The organization of human thought to achieve that level of understanding might be an issue. From the original article: 'the data footprint of all books ever written come out to less than 100 terabytes, or 0.005 percent of a mouse brain'
That formulation makes the goal seem remote but not implausible. We have the technology to index and analyse 10 Terrabytes certainly and even gmail apparently is an exabyte ... [0]. A mouse brain given your premise is 20 petabytes. Given even linear progress this class of problem is not insurmountable.
That is a cute aphorism, but there is no empirical evidence one way or the other. If you are thinking that it is obviously too much information for a brain to know itself, note that most of what we understand about complex systems, such as the weather, is understood using only a miniscule fraction of the total information present. That is the power of abstraction.
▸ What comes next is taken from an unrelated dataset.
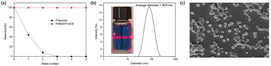 Figure 2a shows the retention of poloxamer in the ssNP system during the surfactant−stripping process. The filtrate obtained after each centrifugal washing step was collected to evaluate the quantity of residual poloxamer via a colorimetry assay (as described in the experimental process). The retention values were obtained from the absorption of cobalt thiocyanate–poloxamer complexes from each filtrate in Figure S2. It is obvious that a fivefold stripping process eliminated most excess poloxamers, while the quantity of light−harvesting material was unchanged and did not lead to sedimentation. Figure 2b,c exhibit well−dispersed spherical ssNPs without aggregated clusters, even after the stripping of most surfactants. The size of the NPs determines the phase separation and intermixing of the donor and acceptor in the NP films. It was reported in our previous work that, by precisely controlling the size of the pristine NPs in the nm regime, it is possible to generate thin films with optimized domain sizes [16]. An average diameter of 90 nm was suitable for the deposition of an active layer film with a thickness of approximately 100 nm. This is due to the deformation of the organic semiconductor NPs during spin−coating and the drying process [15]. As shown in Figure S3, thermal annealing−evolved ssNP films on the ZnO surface formed a discrete structure with isolated spheres to an interconnected one with an ambiguous surface, which is beneficial for charge transport through the percolated NP film [34].
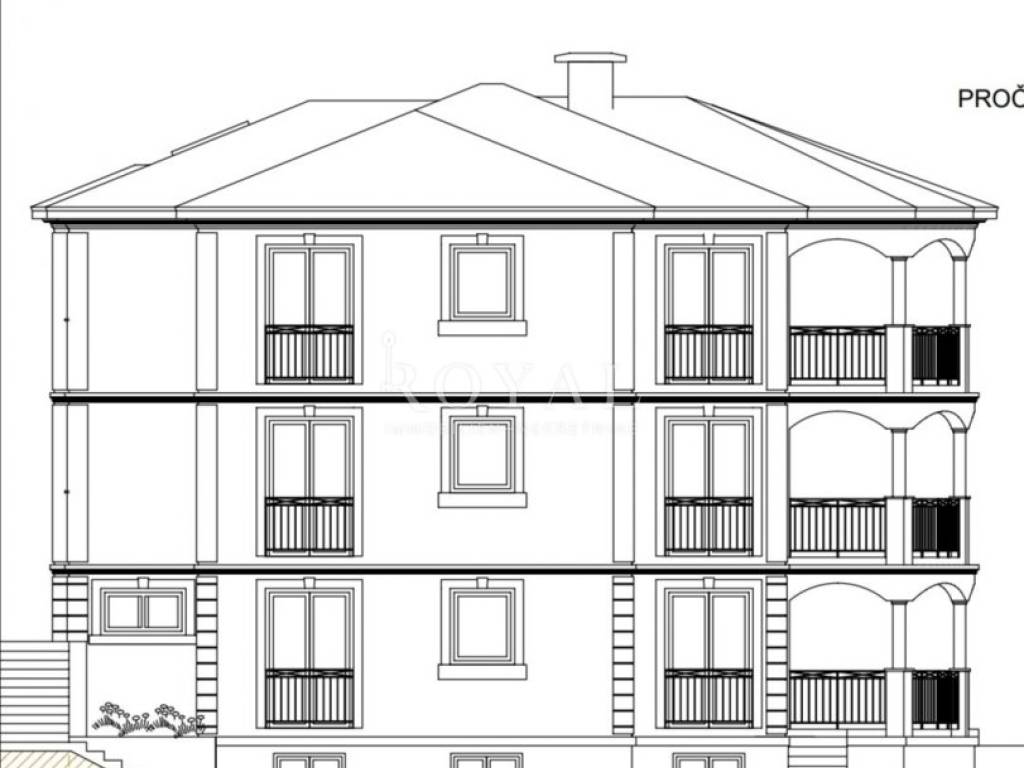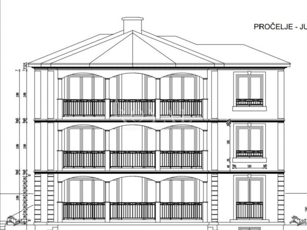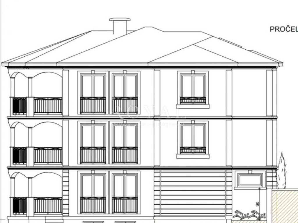 Povile, građevinsko zemljište na 50 metara od mora, građevinska dozvola i projekat za 6 apartmana s bazenom, 3 apartmana po 62,18 m2 i 3 apartmana 66,63 m2, plaćen komunalni i vodni.

Physicists don't understand gravity...neuroscientists don't understand the main...maybe the universe is a giant brain and the stars are neurons, the big bang was conception and we are bacterial growth. Better than all current theories.
I am planning to solve this =) just cracked the inner workings of ANNs (future SHOW HN) and am going to read a book on computational neuroscience tomorrow.
Not to be discouraging, but if you're just starting to learn about artificial neural networks, you have a long way to go...
That said, in the few years of experience I've had with ANNs, they really do seem like an intuitive analog for human learning, at a high level. And thinking about training problems in this way, approximately "what kind of training data would I need to train a small child to do this" can be more helpful than one might have otherwise expected.
I think we're just a handful of major breakthroughs away from true AI, assuming compute and memory continue to scale. Certainly within 100 years.